ABOUT THIS TASK> Exactly as written, transcribe the data from its opening line through the line containing "- Subtle contrast". Leave every picture out.
─── INPUT MATERIAL ───
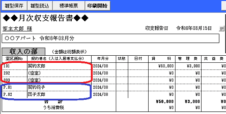 ②月次収支報告書を開くと「収入の部」欄に親物件の各区画と子物件の各区画が表示されます。
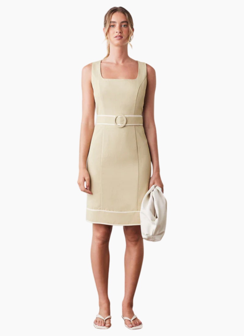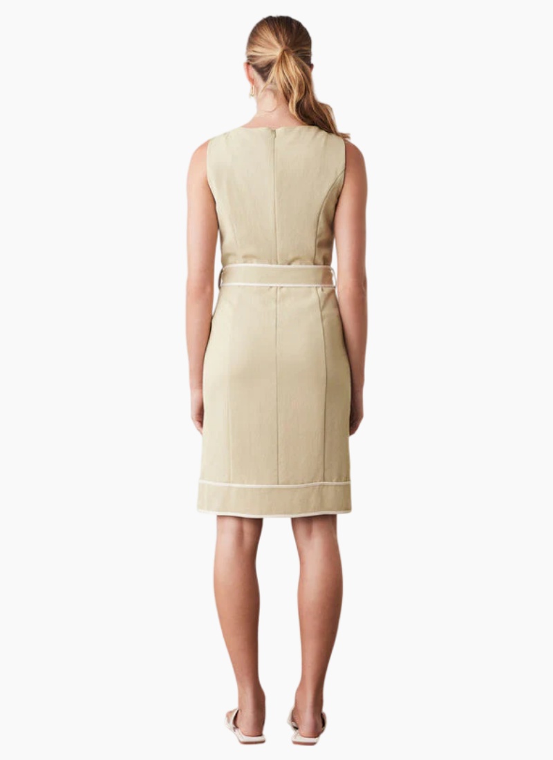 - Subtle contrast piping and a belt-like trim define the waist for a polished, feminine look
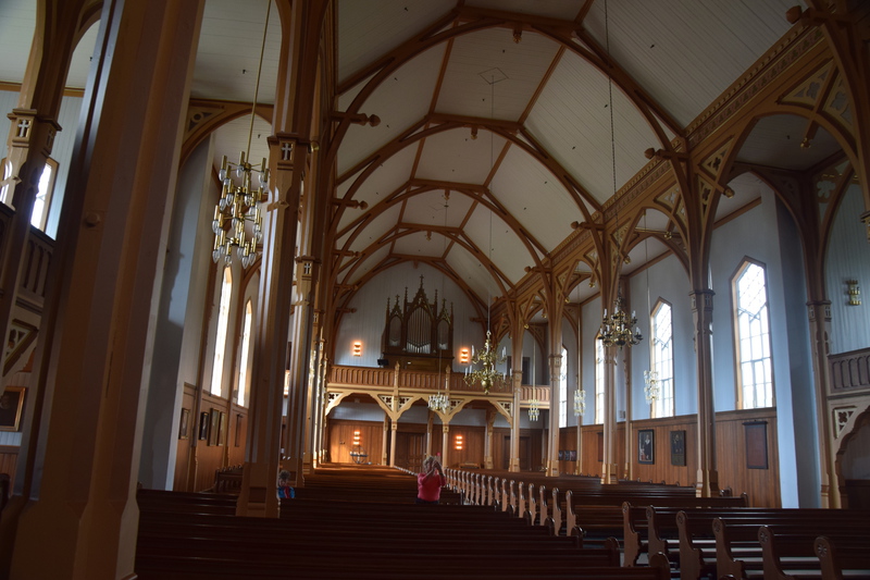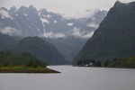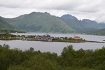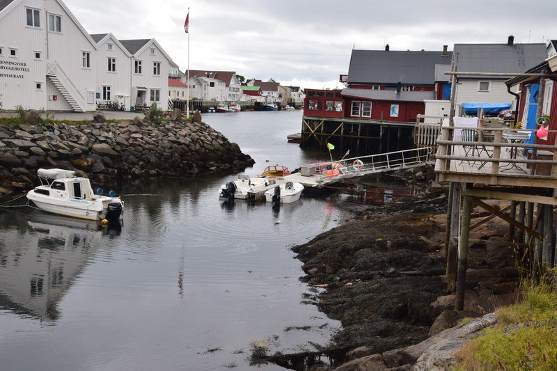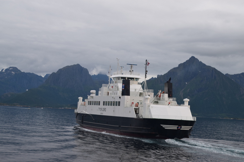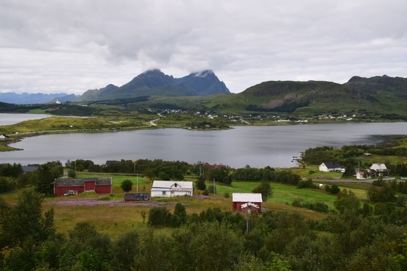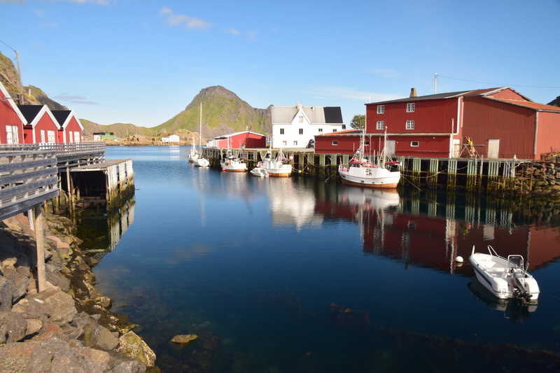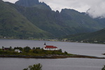 Kurz vor 10 Uhr geht unsere Fähre von Melbu nach Fiskebol – die Überfahrt dauert gerade mal eine halbe Stunde. Von Fiskebol geht es wieder auf die E10 und wieder (zum 2. Mal) nach Svolvaer. Von dort weiter nach Kabelvag, einem kleinen mittelalterlichen Fischerdorf mit der Lofotenkathedrale, einer der größten Holzkirchen Norwegens. Unser weiterer Weg führt uns nach Henningsvaer, das doch schon sehr touristisch geprägt ist, der Bummel durch den Ort hat sich trotzdem gelohnt. Nun weichen wir wieder von der Hauptroute ab und fahren auf einer kleineren Straße der anderen Inselseite entgegen. Diese ist nicht mehr durch steile Berge und Felsen sondern weite Felder, Landwirtschaft und Pferdezucht geprägt.
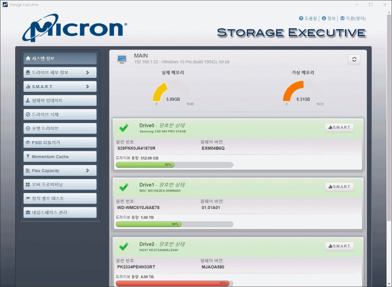 마이크론 SSD는 Storage Executive 전용 S/W를 지원합니다.
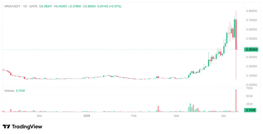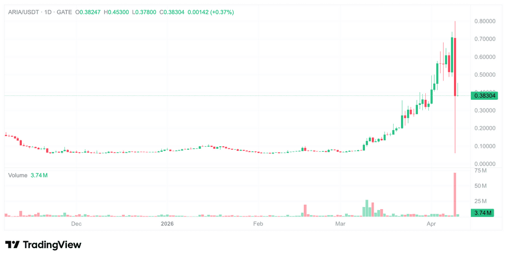 2026 年 4 月上旬、暗号市場の視線は AI セクターに集中していた。分散型計算能力のナarrativeが高まる中、ARIA トークンは激しい価格変動を経験した:わずか 24 時間で振幅が 1,260%を超え、約 0.06 ドルの安値から一時 0.83 ドルの歴史高値に達し、その後別の取引日で 43%以上の調整を見せた。この極端な価格行動は、市場にその背後にある構造的論理についての広範な議論を引き起こした。
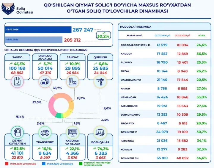 В пресс-службе Налогового комитета Республики Узбекистан сообщили, что по состоянию на 1 марта 2026 года количество субъектов, поставленных на специальный регистрационный учет в качестве плательщиков налога на добавленную стоимость, достигло 267 247. По сравнению с аналогичной датой прошлого года этот показатель увеличился на 30,2 процента, что свидетельствует о расширении налоговой базы и росте числа хозяйствующих субъектов, работающих в сегментах экономики с обязательствами по уплате НДС.
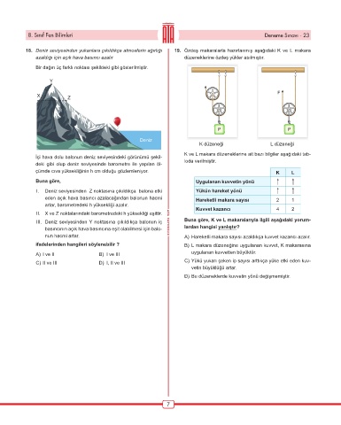III. Deniz seviyesinden Y noktasına çıkıldıkça balonun iç Buna göre, K ve L makaralarıyla ilgili aşağıdaki yorum-
───
SOLUTION TO THIS PROBLEM>
 ②月次収支報告書を開くと「収入の部」欄に親物件の各区画と子物件の各区画が表示されます。
 - Subtle contrast piping and a belt-like trim define the waist for a polished, feminine look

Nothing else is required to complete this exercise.